State v. Brown

491 So. 2d 462 | La. Ct. App. | 1986

CARTER, Judge.

Defendant, Wilbert Brown, was charged by bill of information with felony theft, in violation of LSA-R.S. 14:67. Defendant entered a plea of not guilty and waived his right to a jury trial. The trial court convicted defendant as charged and subsequently sentenced him to serve three years at hard labor, to be served consecutively to sentences imposed for two other offenses. He has appealed, urging as his only assignment of error that the trial court erred in admitting hearsay evidence.1

FACTS

Defendant was charged with the theft of a pair of removable roof panels from a car owned by Polk Chevrolet, a Baton Rouge car dealership. These “T-tops”, valued at $410.00 each, were stolen from a Chevrolet Corvette at approximately noon, in view of several employees of the company.

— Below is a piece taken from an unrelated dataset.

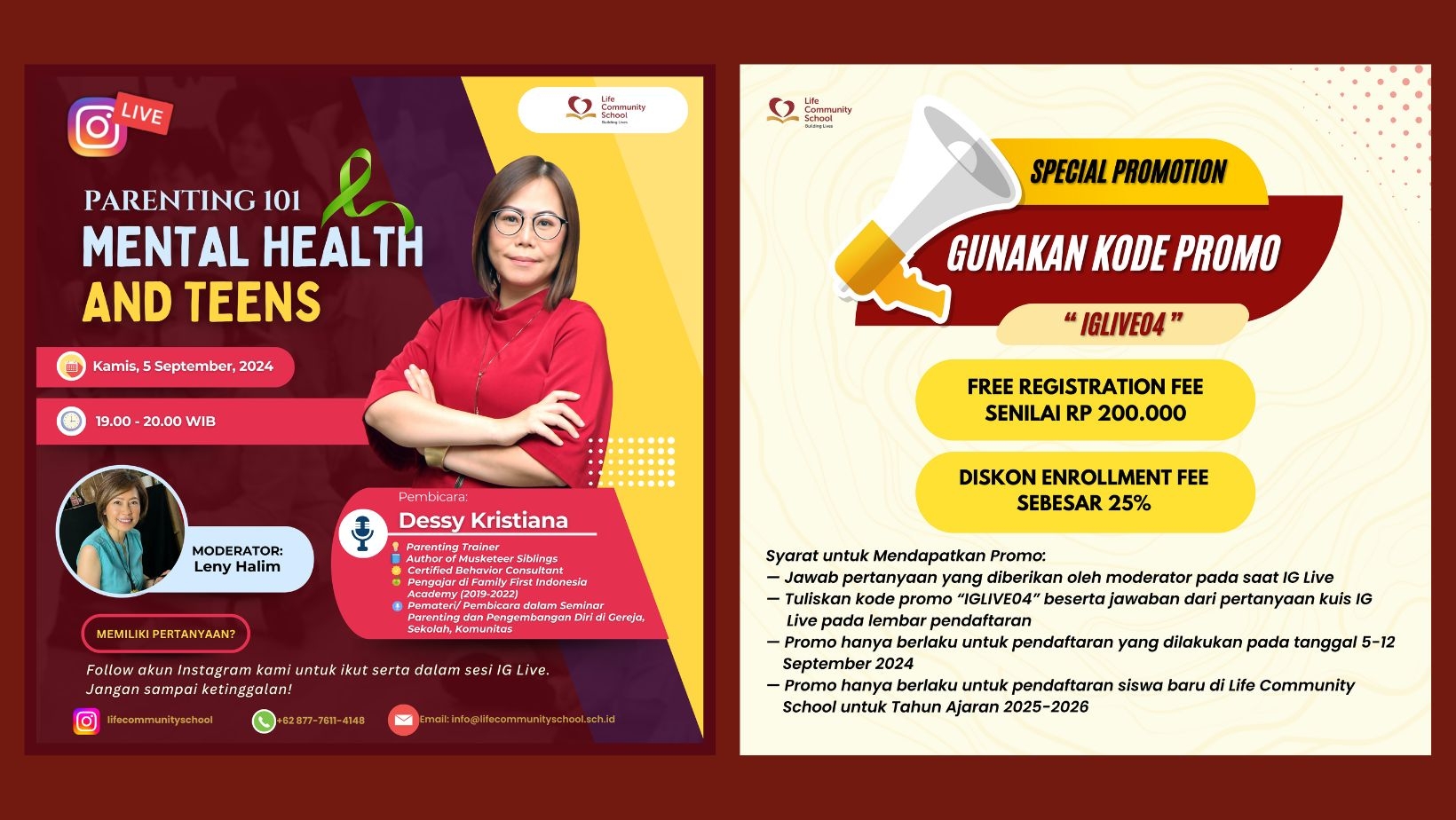 Transform Your Parenting: Key Insights into Teen Mental Health! 03 Oct 2024 Explore the important topic of Mental Health and Teens in our IG Live session hosted by Life Community School. Learn how one in three teenagers in Indonesia faces mental health challenges. Our speaker, Dessy Kristiana, a Parenting Trainer and Author, shares valuable tips for parents on understanding their teens and identifying serious mental health issues. More... |

One of the employees, Ernest Glass, saw two black males in an older model gold Oldsmobile drive onto the dealership lot and observed one of the men remove the roof panels. Glass notified other employees of the theft in progress. A second employee, Earl Meyers, was able to obtain the license number of the vehicle, as well as descriptions of the car and the perpetrators. A third employee, Howard Sibley, obtained a close view of the driver of the vehicle. The information gathered by these men was promptly disclosed to investigating officers.

The license registration was traced to a woman named Sandra Martin, who lived with the defendant in an apartment about three miles from the dealership. Approximately twenty minutes after the initial police report, investigating officers contacted Ms. Martin at her home and at that time located the vehicle in the parking lot of the apartment complex in which she lived. Based upon information provided by Ms. Martin, a photographic lineup was compiled, which included a photograph of the defendant. This lineup was apparently shown only to Howard Sibley. Sibley immediately selected defendant’s photograph from the array, and defendant was arrested for felony theft.

ADMISSION OF HEARSAY EVIDENCE

The state called Larry Wright, a deputy with the East Baton Rouge Sheriff’s office, to testify about the police investigation. Deputy Wright related the results of the vehicle registration check and his contact with Sandra Martin. On redirect examination, the state asked him how he obtained the name of defendant to include in the photographic lineup. Defendant objected, arguing that the question called for a hearsay response. The trial court overruled the objection, and Wright testified that Sandra Martin provided information which led him to include defendant’s photograph. Defendant now claims the testimony attempted to prove the truth of an out-of-court statement by Sandra Martin that she furnished the name to Wright for the purpose of including his photograph in the lineup.

. Hearsay evidence is evidence of an un-sworn, out-of-court statement made by a *464person other than the testifying witness which is introduced for the truth of its content. State v. Valentine, 464 So.2d 1091 (La.App. 1st Cir.), writ denied, 468 So.2d 572 (La.1985). Hearsay evidence is not admissible except under recognized exceptions. LSA-R.S. 15:434. However, if such a statement is offered for any other purpose, then the statement is not hearsay. State v. Valentine, supra.

Initially, we note the objection set forth by defendant is not a hearsay objection. Defendant’s allegation, that the testimony was elicited to prove that Sandra Martin furnished defendant’s name to Deputy Wright for the purpose of including defendant’s photograph in the lineup, is without merit. Wright was not attempting to introduce evidence of Martin’s motivation for making the statement, but his own reason for placing defendant’s photograph in the array.

In his conclusion, defendant states the question and answer were objectionable because the trier of fact could infer that Ms. Martin told Deputy Wright the identity of the driver of her automobile. In this context, defendant does raise a hearsay objection. However, the testimony to which he objects is not hearsay.

A witness is generally competent to testify that a statement was made to him so long as no attempt is made to vouch for the credibility of its contents. State v. Watson, 449 So.2d 1321 (La.1984), cert. denied, 469 U.S. 1181, 105 S.Ct. 939, 83 L.Ed.2d 952 (1985). A police officer, in explaining his own actions, may refer to statements made to him by other persons involved in the case. Such statements are admitted not to prove the truth of the assertion, but to explain the sequence of events leading to the arrest of the defendant from the viewpoint of the investigating officer. State v. Watson, supra; State v. Edwards, 406 So.2d 1331 (La.1981), cert. denied, 456 U.S. 945, 102 S.Ct. 2011, 72 L.Ed.2d 467 (1982). For that reason, the testimony is not objectionable.

Moreover, we note that defendant was convicted after a bench trial. Even if the testimony were inadmissible, a judge, by virtue of his training in the law, is able to disregard irrelevant matters which are possibly prejudicial. State v. Bowman, 434 So.2d 1175 (La.App. 1st Cir.1983).

Accordingly, defendant’s conviction and sentence are affirmed.

CONVICTION AND SENTENCE AFFIRMED.

. The same assignment of error was filed by defendant’s retained trial counsel and the Office of the Public Defender. The appellate brief was filed by the Office of the Public Defender.